Task requirements
Every line of the material below needs to be copied exactly; omit the pictures.

**** Provided material ****

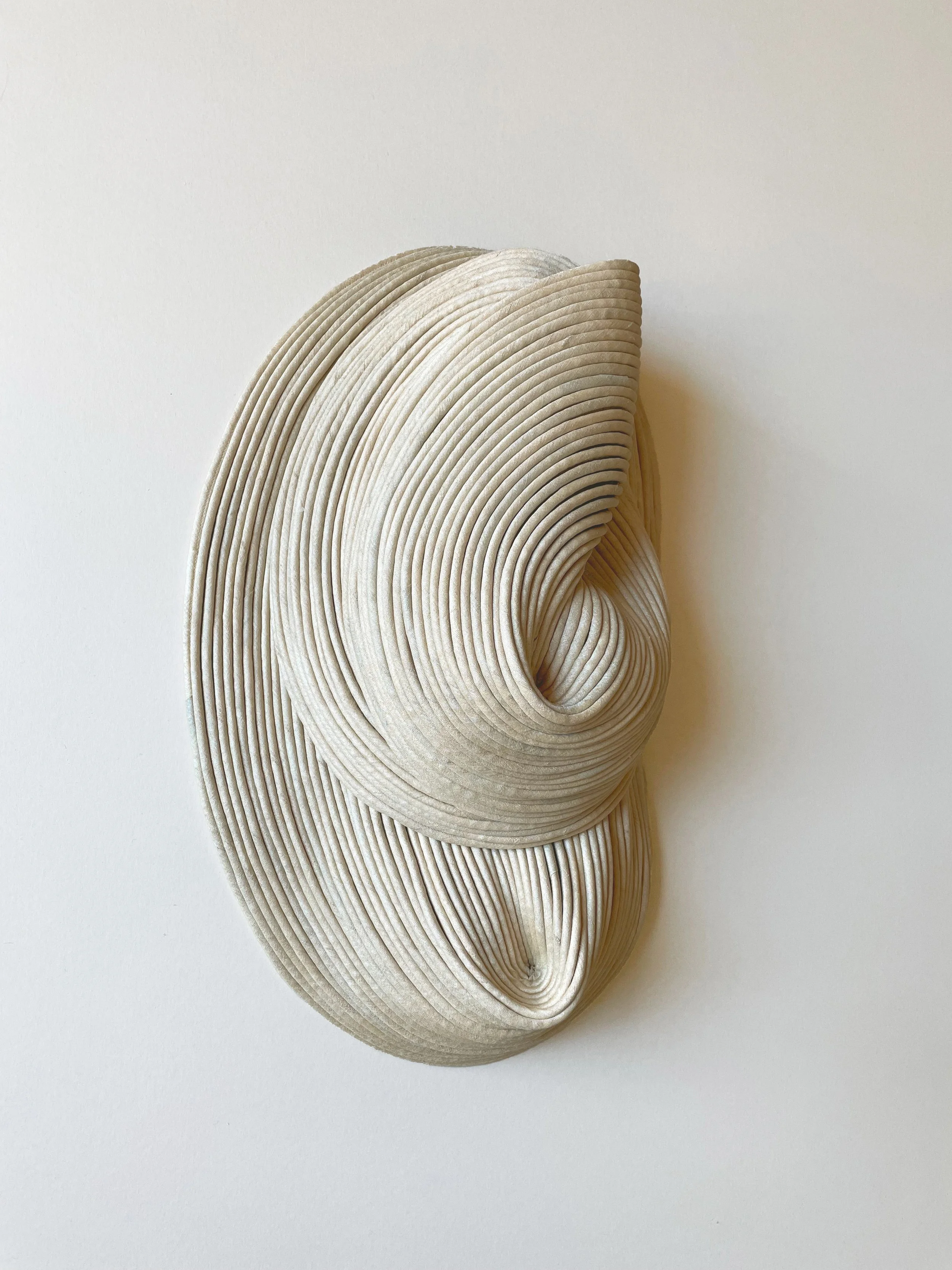 Wild silk hand-dyed with green indigo, recycled cotton cord inside. Backing hardened. 52x32x13cm. Sold.
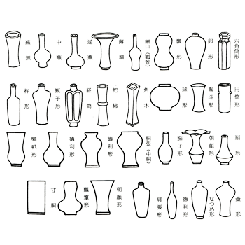 今日作陶家や愛陶家などは「カビン」、中国趣味の人は「カヘイ」、挿花者は「花器」、茶人は利休以来会記に「花入」と称しています。
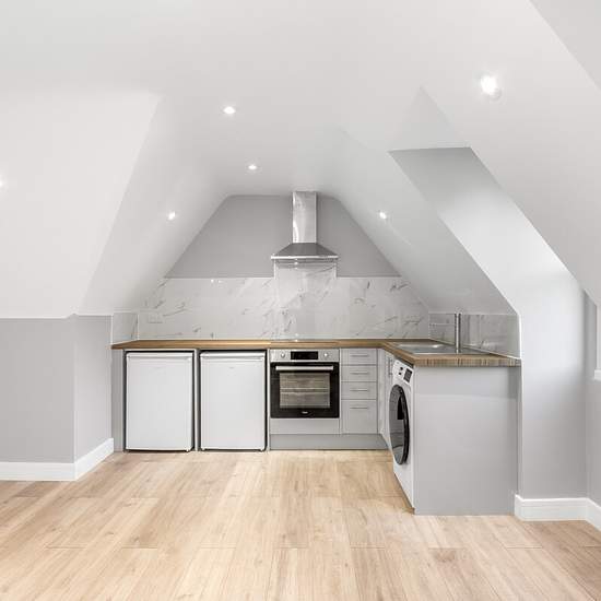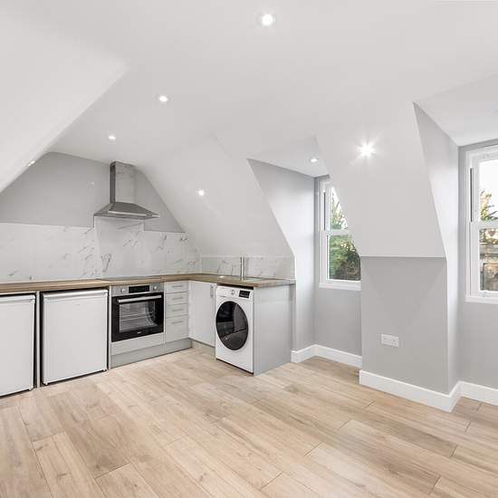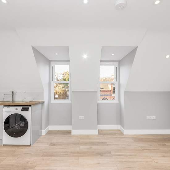 Discover modern living in this newly converted block of three flats, showcasing impeccable contemporary design. Situated on the top floor (third floor), this spacious 1-bedroom flat spans 491 sq feet and offers a welcoming entrance hallway leading to a bright reception room. The open-plan kitchen, complete with integrated appliances, adds functionality and style to the living space. The accommodation further includes a generously sized double bedroom, and a luxurious shower room bathroom. Finished to exacting standards, this apartment boasts...
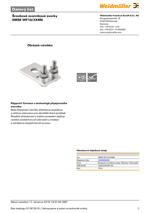 1868880000 Zacisk trzpieniowy Weidmüller SMSE WF10/2XM6 1868880000, 10 szt.

****

Completed exercise
 Wild silk hand-dyed with green indigo, recycled cotton cord inside. Backing hardened. 52x32x13cm. Sold.
 今日作陶家や愛陶家などは「カビン」、中国趣味の人は「カヘイ」、挿花者は「花器」、茶人は利休以来会記に「花入」と称しています。
 Discover modern living in this newly converted block of three flats, showcasing impeccable contemporary design. Situated on the top floor (third floor), this spacious 1-bedroom flat spans 491 sq feet and offers a welcoming entrance hallway leading to a bright reception room. The open-plan kitchen, complete with integrated appliances, adds functionality and style to the living space. The accommodation further includes a generously sized double bedroom, and a luxurious shower room bathroom. Finished to exacting standards, this apartment boasts...
 1868880000 Zacisk trzpieniowy Weidmüller SMSE WF10/2XM6 1868880000, 10 szt.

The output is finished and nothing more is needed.